■ **Task instructions**:
Every line below is to be copied exactly, with the pictures left out.

■ **Dataset section**:
========
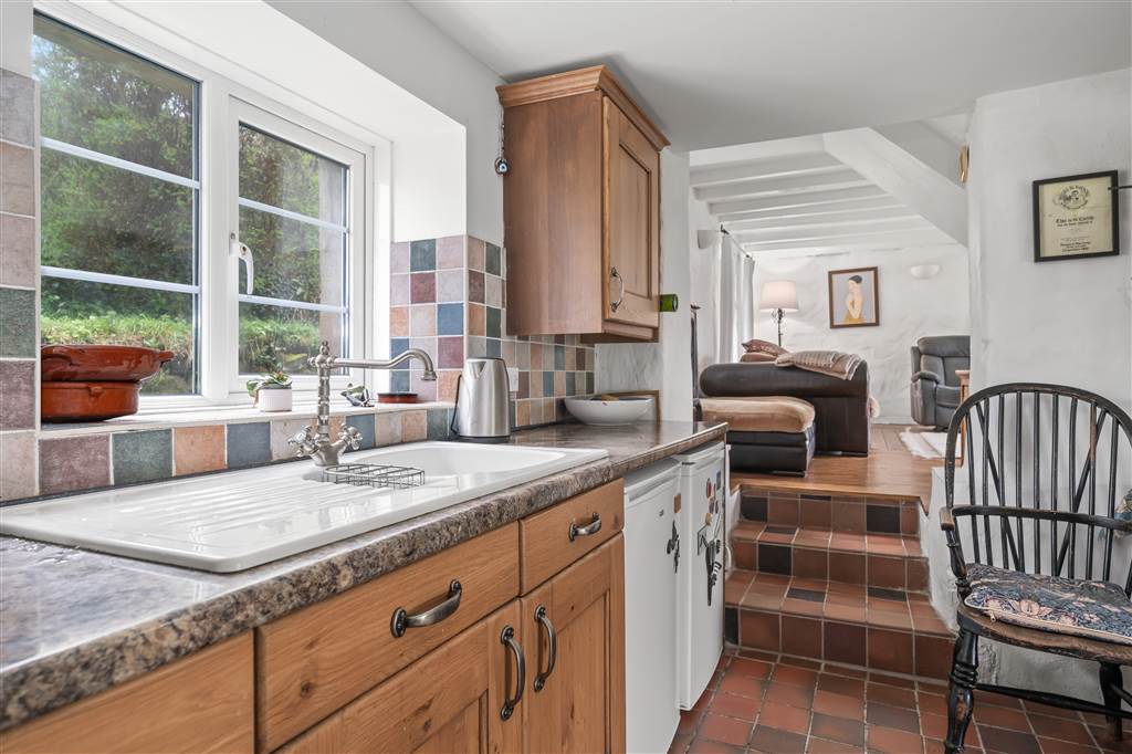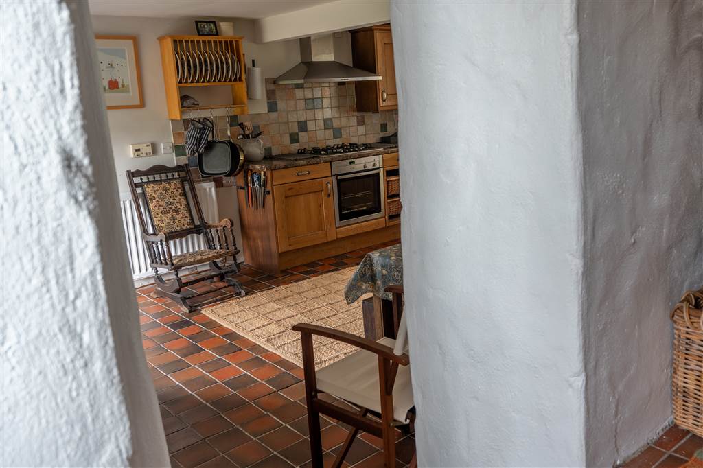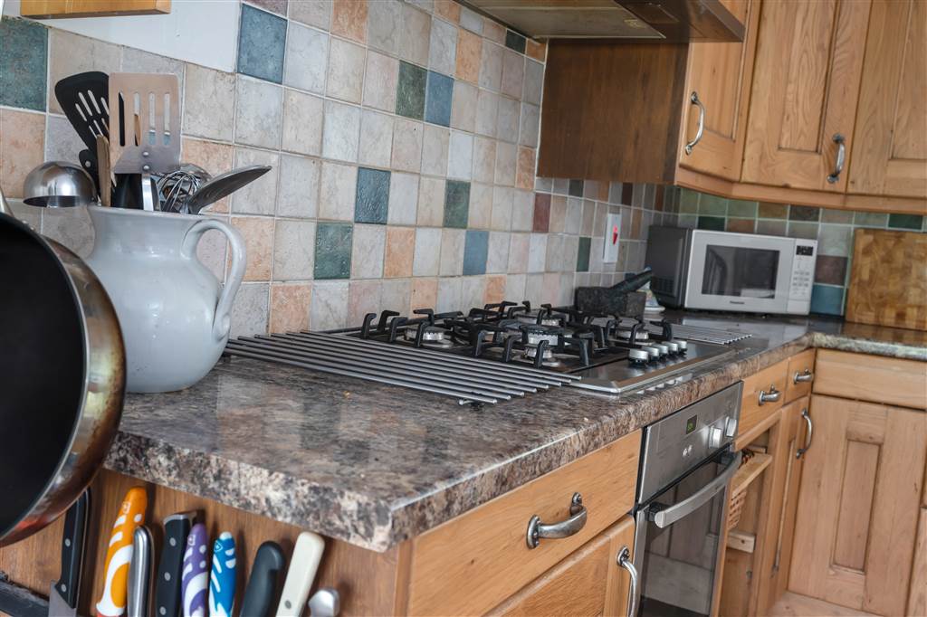 With a range of eye and low-level fitted units, 1 1/4 bowl sink unit and drainer with mixer tap. Integrated four ring gas hob with stainless-steel extractor fan over. Integrated oven. Space for under counter fridge-freezer. Cutlery drawers. Saucepan drawers. Spacious area for dining. Spot lighting to ceiling. Splash back tiling. Tiled flooring.
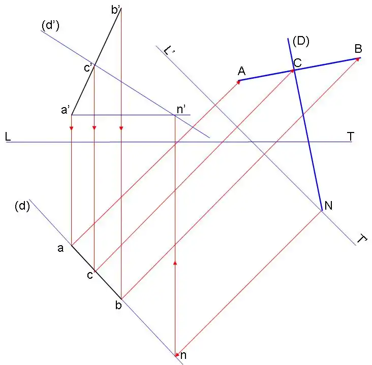 La maîtrise des techniques de traçage permet de construire (par exemple au compas) la perpendiculaire (D) au point (C) de la vraie grandeur d'un segment de droite AB ainsi que de représenter ses projections frontale (d') et horizontale (d).
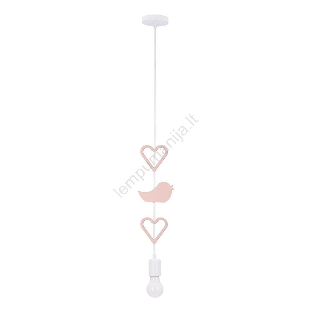 Vaikiškas pakabinamas šviestuvas HEART ant laido 1xE27/20W/230V rožinė/balta | Lempumanija
========
■ **Expected answer**:
 With a range of eye and low-level fitted units, 1 1/4 bowl sink unit and drainer with mixer tap. Integrated four ring gas hob with stainless-steel extractor fan over. Integrated oven. Space for under counter fridge-freezer. Cutlery drawers. Saucepan drawers. Spacious area for dining. Spot lighting to ceiling. Splash back tiling. Tiled flooring.
 La maîtrise des techniques de traçage permet de construire (par exemple au compas) la perpendiculaire (D) au point (C) de la vraie grandeur d'un segment de droite AB ainsi que de représenter ses projections frontale (d') et horizontale (d).
 Vaikiškas pakabinamas šviestuvas HEART ant laido 1xE27/20W/230V rožinė/balta | Lempumanija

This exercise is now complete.